China's negative inflation emboldens its aggressive fiscal doves
Conditions ripe for 10 trillion yuan stimulus, says Yu Yongding.
China’s CPI inflation has been less than 2% on average for over a decade, while PPI inflation has been negative for at least two years.
A top Chinese economist says this gives Xi Jinping ample room for a huge 10 trillion yuan stimulus plan that will help to weather a potential Sino-US trade war.
Yu Yongding (余永定 ), a member of the prestigious Chinese Academy of Social Sciences (CASS), has emerged as one of the strongest advocates of forceful macroeconomic stimulus amongst prominent economists in China.
Yu believes it’s high time for China to step up expansive fiscal and monetary policy, in order to deal with slowing economic growth and rising unemployment pressures in the wake of the Covid pandemic.
In a 20 February opinion piece, Yu argues that China has long been averse to fiscal stimulus, due to anxiety over rising levels of government leverage.
“In China a balanced budget has always been an important policy goal, even if this hasn’t been stated explicitly.”
According to Yu, China’s macroeconomic policy settings have been “neutral to tight” since 2011.
During this period, the distinct features of China’s macroeconomic policy have been:
No short-term stimulus measures.
No expansion in the deficit.
No excess issuance of money.
Beijing’s chief macroeconomic goals since then have been to “dissolve excess capacity” and “achieve supply-side structural reforms.”
Conditions now ripe for mass fiscal stimulus
Yu says Beijing finally began to change its tune on macroeconomic policy at the end of 2022 and the start of 2023.
In March 2023, the Government Work Report noted that “the outstanding problem faced by the Chinese economy is inadequate aggregate demand.”
Yu says “this judgement signalled a major adjustment to the direction of macroeconomic policy.”
Yu believes macroeconomic conditions in China are now ripe for mass stimulus plans of around 10 trillion yuan flagged by Beijing at the end of 2024.
He firstly points out that levels of inflation in China have remained extremely low in recent years, while the rest of the world struggled with rampant post-Covid price surges.

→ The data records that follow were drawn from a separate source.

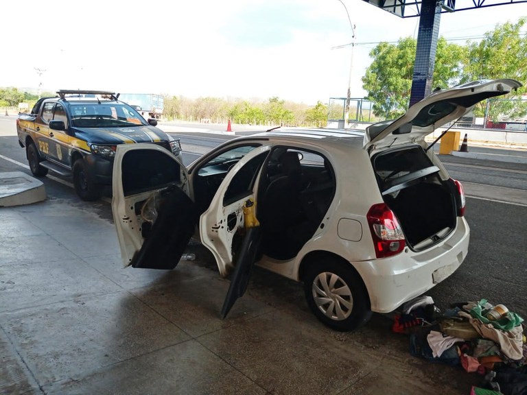 Diante das respostas contraditórias e do comportamento suspeito, a equipe da PRF decidiu realizar uma inspeção no veículo, modelo Toyota/Etios Hb X Vsc. Durante a ação, a equipe localizou 20 tabletes contendo uma substância com características semelhantes ao skunk, uma variante potente da maconha. O peso total dos ilícitos corresponde a 21,85 kg.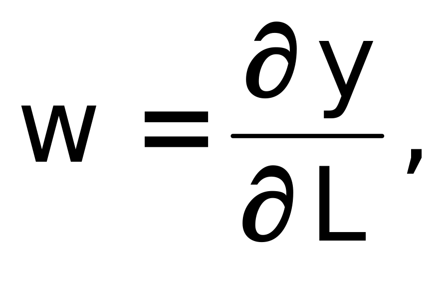 3) прогресс является нейтральным по Солоу, если сохраняется неизменным равенство между уровнем оплаты труда (w) и предельной производительностью труда и дальнейшее увеличение затрат труда невыгодно. Можно показать, что в этом случае ПФ имеет вид:
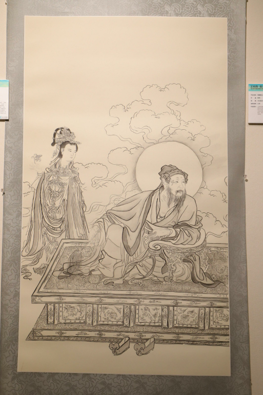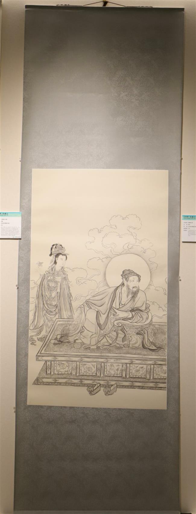 作品简介:立轴的装裱形式是一色挖镶,该画是白描的形式来展现维摩诘老年居士的形象,坐在床上,左肩斜倚着椅背,彷佛张开口发出微弱的声音,床的后侧站立着天女,以彷佛天女散花的姿态来呈现,它以简洁明快描绘出曲直、粗细、刚柔、起伏而富有韵律变化的线条,描写出对象复杂的形态特征。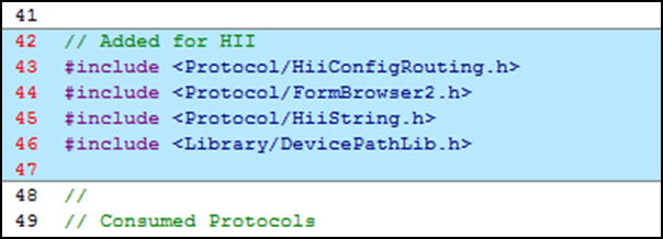 10). Update the MyWizardDriver.h file. Add the following HII libraries starting at approximately line 41 (as shown below) by copying and pasting: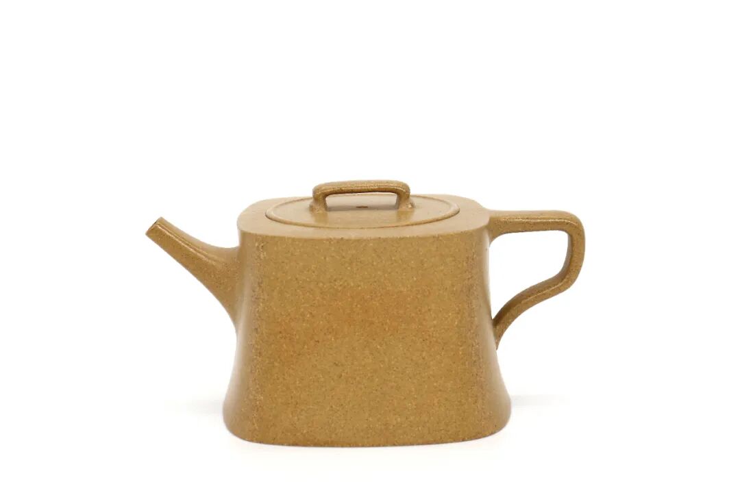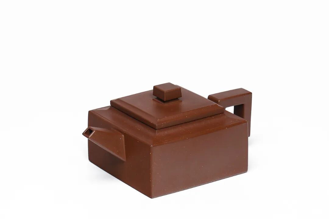 温可嘉作品《圆纳壶》,此壶为临摹陈曼生的《圆纳壶》。造型简约,身若井栏。壶体扁圆,圆腹上收下敛,圆折肩,环形耳把,短曲流,出水甚好。整体造型,粗细对比,曲直相间,圆润中透出古朴韵味,造型洗练却无以增减。袁鹏作品《方墩》,棱角分明,线条挺括,形神具备,是四方壶的经典器型之一。扁方钮宽厚有力,四方鼓盖折线分明,盖扣于壶口之上,气势雄大。方形弯流霸气十足,流口平衡直出,朝向水平方向。方形壶把转折迂回步步到位。四方凹底设计,底部稳重中见大气。![]()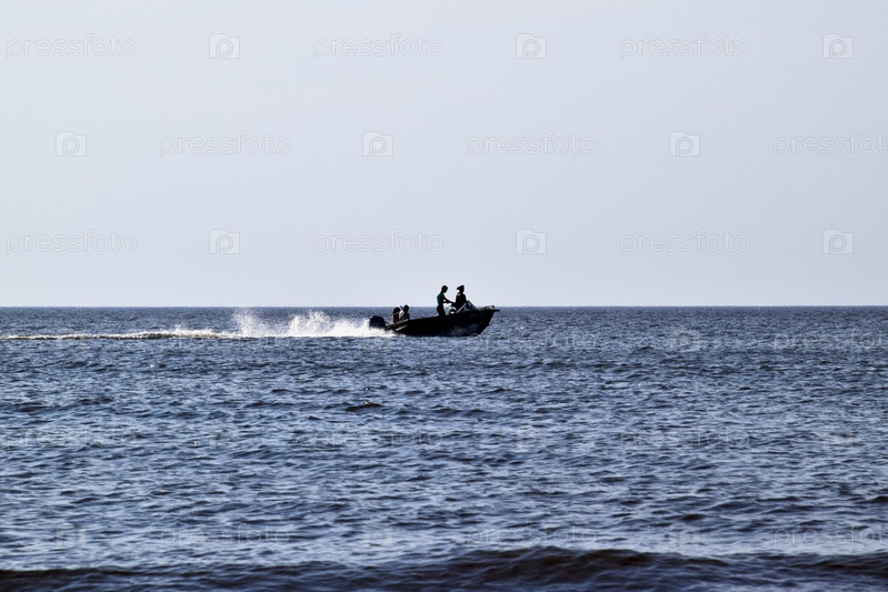 Лодка мчится по морю. В лодке люди. Морской пейзаж вечером. Силуэт моторной лодки и людей в ней на фоне морской дали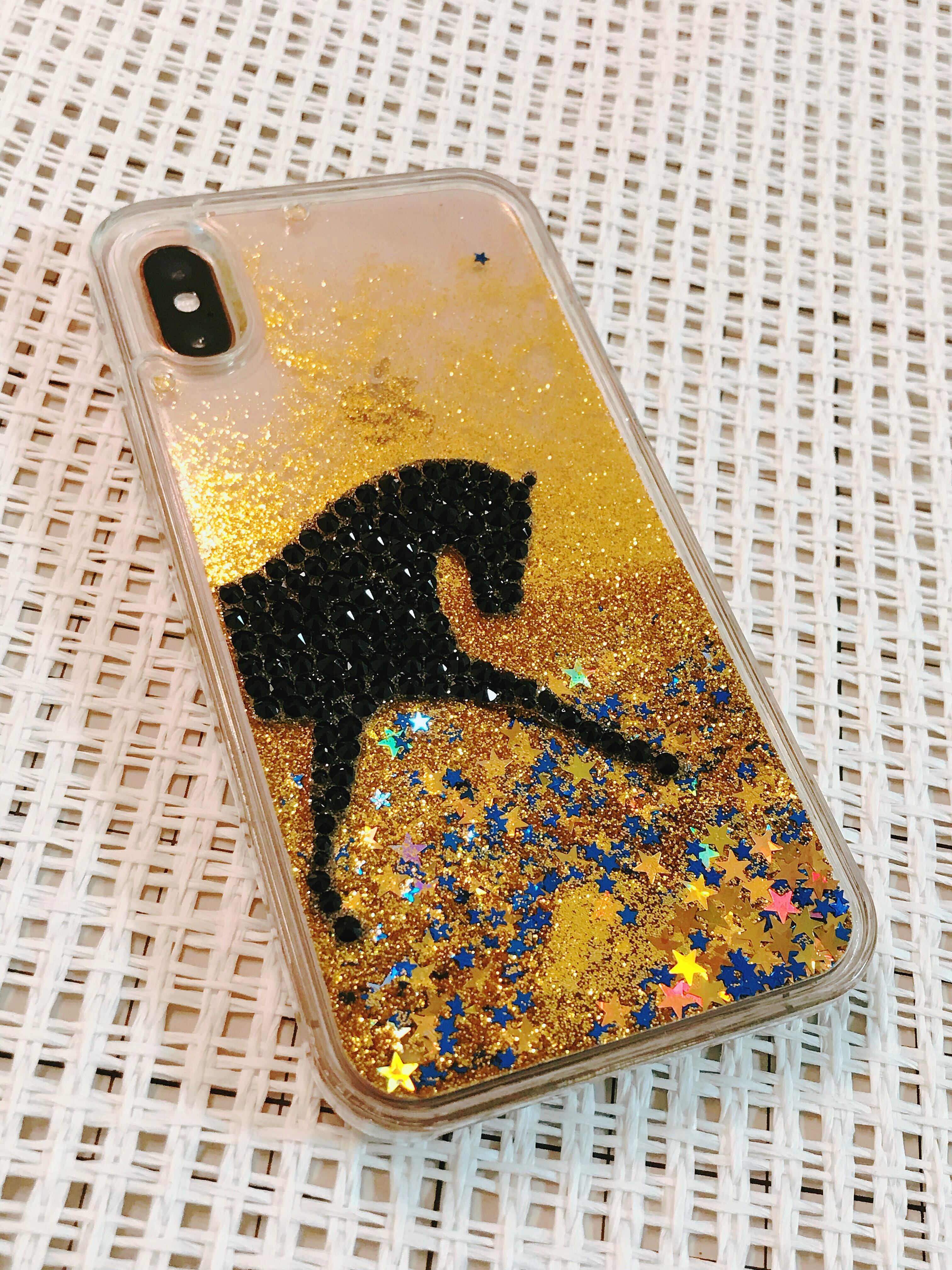 iPhone本体のカラーがブラックの方は、ホワイトのお馬さんがおススメですが、イエローゴールドのラメが敷き詰められた状態では、ピアノブラックのお馬さんも美しく浮かび上がります。

CPI inflation has been under 2% on average for more than a decade, while PPI inflation has been in negative territory since October 2022.
Yu further notes that while advanced economies generally seek to keep inflation at around 2%, developed economies like China customarily set levels slightly higher, at potentially between 3 - 5%.
“China should effectively grasp the balance of inflation rates and economic growth, as well as adopt corresponding fiscal and monetary policy,” he writes.
Low levels of inflation would normally mean that the state can’t reduce its debt burdens, just by sitting back and watching price gains erode their real value.
In China’s case at present, however, low inflation has been accompanied by extremely low yields on bonds, meaning that it will cost comparatively little for the Chinese government to issue debt for stimulus spending.
Yu notes that 10-year treasury bonds recently saw yields drop below the 2% threshold, making it very cheap for Beijing to run up long-term debt.
China’s government debt levels and GDP growth
Yu also argues that the Chinese government debt levels are comparatively low, despite concerns over the huge hidden debt of regional authorities.
As of the end of 2023, China’s official total government debt was 85 trillion yuan, including hidden government debt.
This figure means all Chinese government debt - including hidden debt - is 67.5% of GDP.
“China’s fiscal condition is excellent compared to other countries,” Yu contends.
“The central government has considerable room to raise debt and increase the deficit.”
The 10 trillion yuan in fiscal stimulus outlined by Beijing in November last year dwarfs its mammoth 4 trillion yuan GFC rescue package in nominal terms.
The huge growth of China’s economy since then, however, means Beijing is far better positioned to bear the burden of increased government spending.
China’s GDP was 126 trillion yuan in 2023, so a 10 trillion yuan spending package is 8% of this amount.
By comparison, the four trillion yuan rescue package unveiled by Beijing in 2008 was equal to 12% of Chinese GDP at the time.